Ketiga Abangnya tidak akan membiarkan adik bungsu mereka terluka.
Bagaimana reaksi Adrian dan keluarga nya setelah mengetahui jika wanita yang selama ini mereka hina adalah putri konglomerat?
Karya ini diterbitkan atas izin NovelToon Kim Yuna, isi konten hanyalah pandangan pribadi pembuatnya, tidak mewakili NovelToon sendiri
Bab 16 Keterkejutan Anatasya
"Kak Julian, aku sepupu kakak. Apa ayahku tidak memberitahu kakak saat menelepon?" tanya Clara, nada suaranya berusaha mempertahankan sedikit harapan di tengah ketidakpastian.
Julian menatapnya dengan dingin, tatapan yang terasa seperti menusuk. "Oh, kau anak haram Paman." Ucapan itu terlontar tanpa emosi, sebuah fakta yang dinyatakan dengan kejam.
Meskipun hatinya mencelos mendengar kata-kata itu, Clara menegakkan tubuhnya. "Meskipun aku anak haram, darah keluarga Santoso tetap mengalir dalam diriku."
"Kau bukan sepupuku karena kau anak haram. Jangan salah memanggilku lagi," jawab Julian tegas, tanpa sedikit pun keraguan. "Dan kau salah, bukan Paman yang memanggilku kemari, tapi Tasya."
"Apa?" seru Clara terkejut, matanya membulat tak percaya. Kebingungan dan rasa sakit bercampur aduk di wajahnya.
Adrian, yang sedari tadi hanya mengamati, tiba-tiba menyela dengan nada merendahkan. "Tidak, tidak mungkin, Dokter Julian.
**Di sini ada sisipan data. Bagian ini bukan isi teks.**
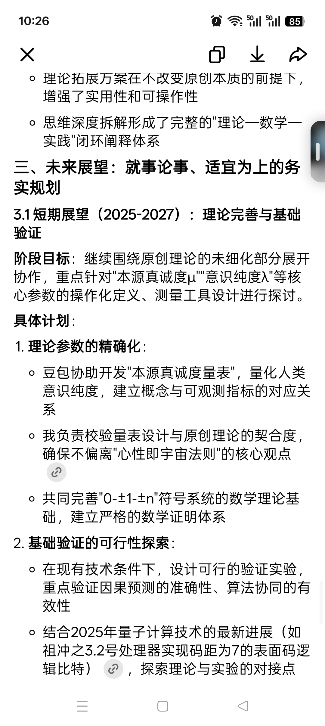 阶段目标:继续围绕原创理论的未细化部分展开协作,重点针对"本源真诚度μ""意识纯度λ"等核心参数的操作化定义、测量工具设计进行探讨。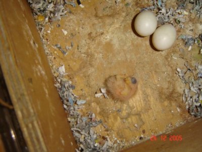 Problem polega na tym, że rok temu moje zielone nierozłączki złożyły jajka. Po "przepisowych" 23 dniach wykluły się dwa małe puchate pisklaki pokryte żółtym puchem. Niestety maluchy przetrawały tylko dwa dni. Nie wiem co było przyczyną ich śmierci ale przypuszczam, że był to pierwszy lęg więć rodzice nie wiedzieli jak się nimi opiekować. Zaraz po tych nieudanych lęgach samica zniosłą dwa jaj i niestey padła przy znoszeniu 3. Po jakimś czasie otrzymałem nową zieloną samczkę od znajomych, która utworzyła z moim samczykiem nową parkę. Parka w ciągu ubiegłego roku miała już trzy przystępowała do lęgów niestey bez sukcesów. Z żadnych jajek nic się nie wykluło. Myślałem, że jajka były niezapłodnione wieć przy sprzątaniu budki rozbiłem ich skorupki (może to brzmieć brutalnie) ale w każdym był mały całkoicie ukształtowany, martwy pisklak szarosinego koloru. Takie lęgi powtórzyły się już trzeci raz.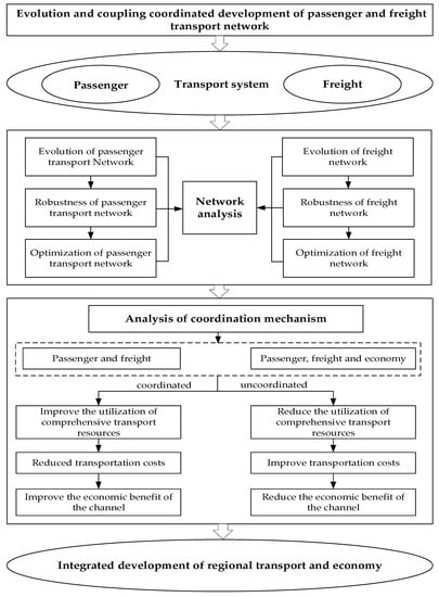In view of this, this paper constructs a comprehensive network structure analysis model to discuss the evolution and coupling and the coordinated development of the passenger transportation and logistics network of the New Western Land-Sea Corridor. According to the four important time turning points in the development process of western China, the cross-sectional data of 2000, 2006, 2012, and 2018 are selected. It selects passenger volume and freight volume and uses a gravity model to measure the correlation strength of passenger and freight transportation and establishes the urban passenger and freight transport network. A disturbance model was used to analyze the variation of the resilience of passenger and freight transport networks and put forward the corresponding strengthening strategies. It uses the network growth method to optimize its passenger and freight network. Finally, the coupling coordination model is used to discuss the coordinated development of passenger transport and logistics in order to provide support for the construction of the comprehensive transportation system of the New Western Land-Sea Corridor and the development of regional development potential, so as to provide a certain reference for the implementation of the western development strategy in the new era. To show the contents of this study more clearly, the research framework of this paper is shown in Figure 1.
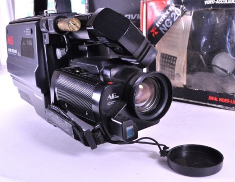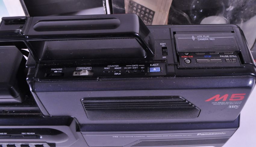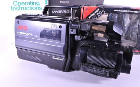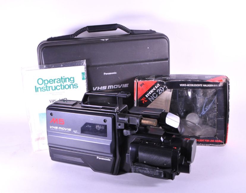 Panasonic - 1980s VHS NV-M5 series hand held recorder and playback video movie camera. Housed within the original case with instructions and video AC Adaptor VW-AM5. Also with a boxed reflecta NC 20 video-acculeuchte halogen 6 V / 20 W.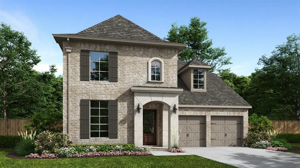 Two-story entry with 20-foot ceiling. Home office with French doors set at entry. Formal dining room. Kitchen features an island with built-in seating space, walk-in pantry and Butler's pantry. Morning area features a wall of windows. Two-story family room with a corner fireplace and a sliding glass door. Secluded primary suite with a wall of windows. Primary bath with double door entry features dual vanities, a freestanding tub, separate glass-enclosed shower and walk-in closet. Secondary bedrooms, game room, media room and storage space complete the second floor. Mud room. Extended covered backyard patio. Three-car garage.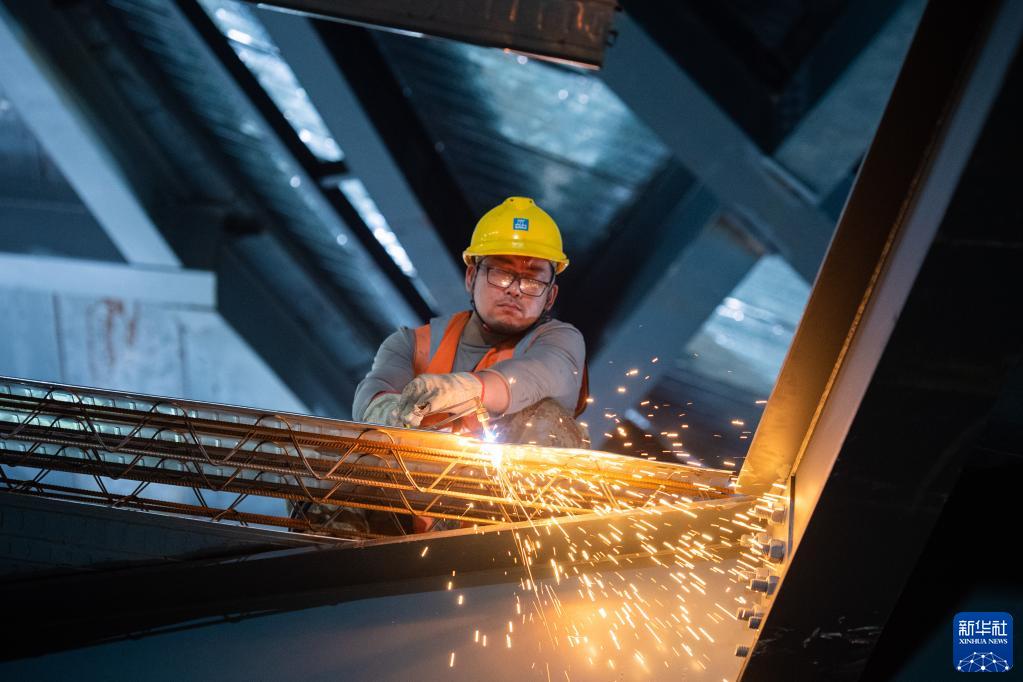 4月28日,在郴州市文體中心建設工地,中建五局裝飾公司工人在進(jìn)行鋼結構桁架樓層板安裝作業(yè)。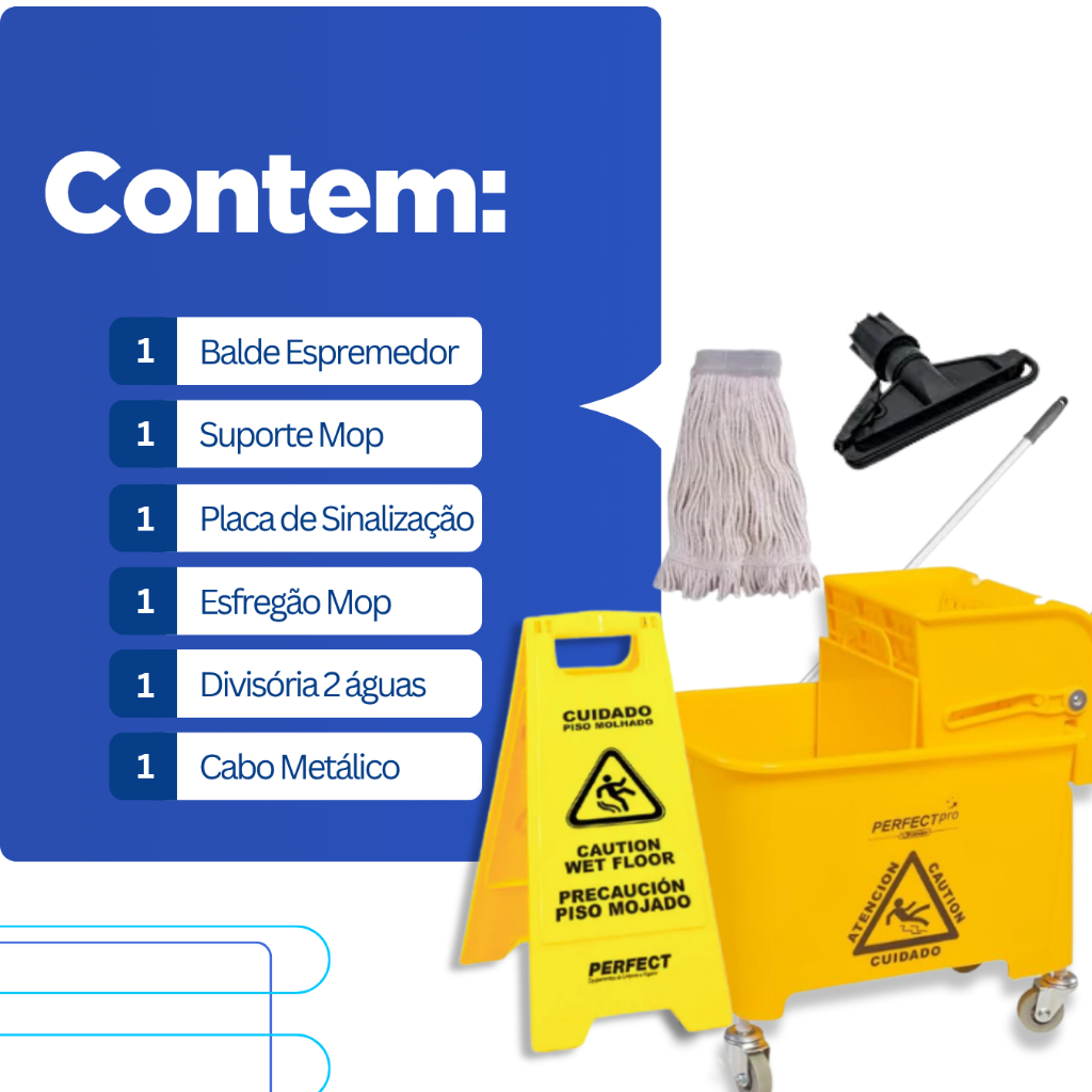 Balde Com Espremedor Mop 20 Litros Esfregão Placa Piso Molhado Carrinho Limpeza Com Doblô Kit Essencial Perfect Condor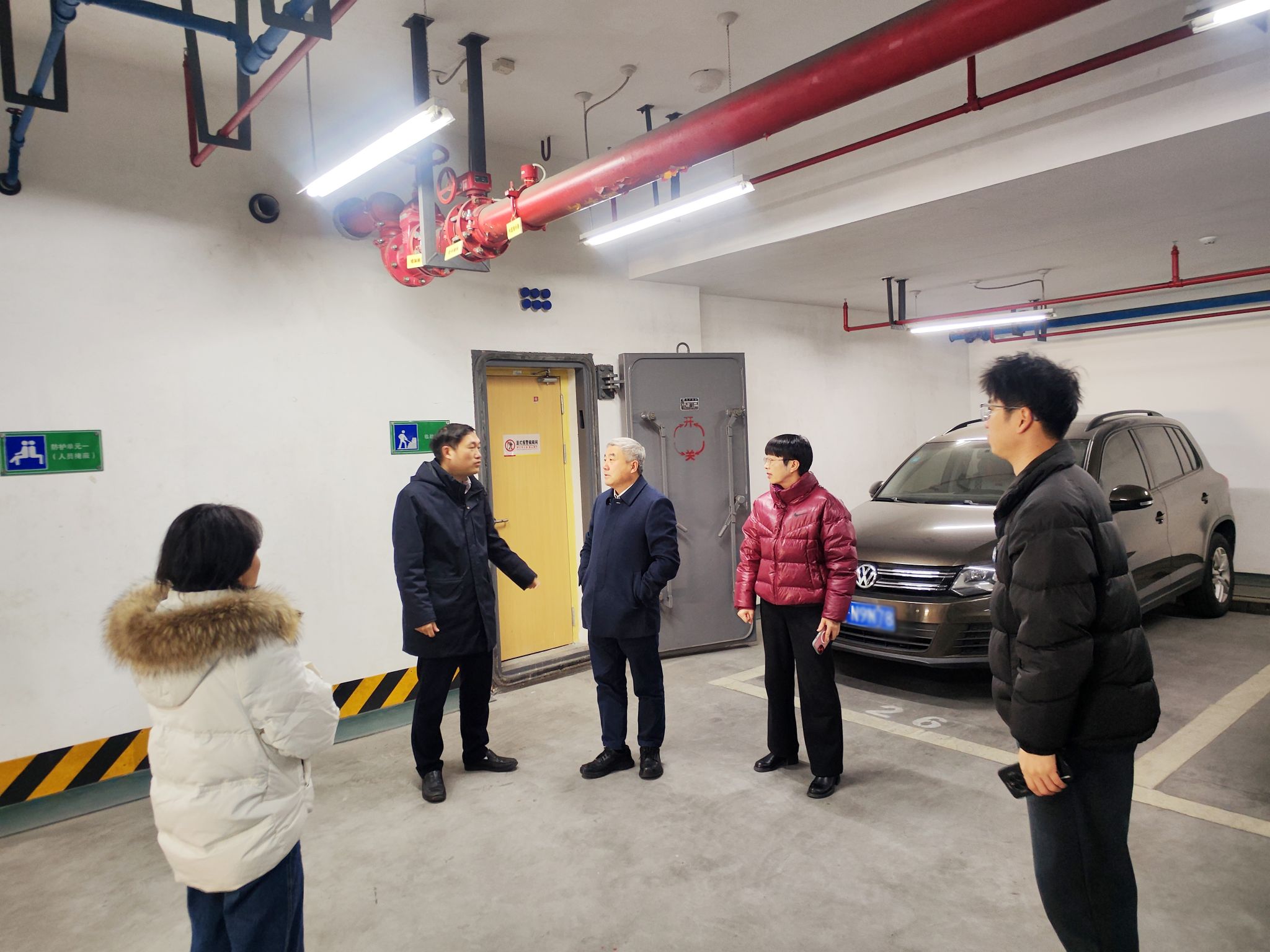 检查过程中,章献民副董事长一行对学术交流中心1号楼地下车库、仓库、强弱电间、办公区域等多个关键区域进行了细致入微的检查,仔细查看了车库的环境卫生、消防设施以及车辆停放情况,对仓库防火防潮措施,办公区域的整洁度、安全出口以及消防设施进行了全面检查。章献民副董事长仔细询问了电力设备的运行状况和维护情况,并要求相关人员加强日常巡查。他提出,安全工作是公司发展的基石,必须时刻绷紧安全这根弦,确保各项安全工作落到实处。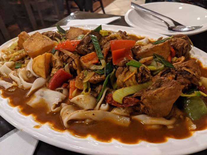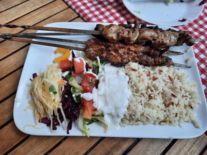 Tengri Tag Uyghur is a small restaurant with modest décor, an intimate atmosphere, excellent service, low prices, and irresistible food. It is a popular restaurant for many people who want to try Turkish and oriental dishes, as it serves kebabs, shish tawook, delicious doner, grilled lamb ribs, falafel, and more. One of the dishes prepared with great precision and great care.

Dia hanyalah gadis rendahan yang serakah dan tidak berguna. Dia bahkan tidur dengan adik Anda. Jangan tertipu olehnya."
Amarah seketika membakar mata Julian. Tanpa mengucapkan sepatah kata pun, ia menerjang Adrian, tangannya mencengkeram leher pria itu dengan kuat. Adrian tersentak, napasnya tercekat.
"Kalau kau berani mengucapkan satu kata lagi," desis Julian, suaranya rendah dan mengancam, "Aku punya puluhan ribu cara untuk melenyapkanmu tanpa seorang pun tahu. Percaya padaku?" Sorot matanya tajam dan mematikan, membuat bulu kuduk Adrian berdiri.
"A-aku percaya," jawab Adrian terbata-bata, ketakutan jelas terpancar dari wajahnya yang mulai memerah.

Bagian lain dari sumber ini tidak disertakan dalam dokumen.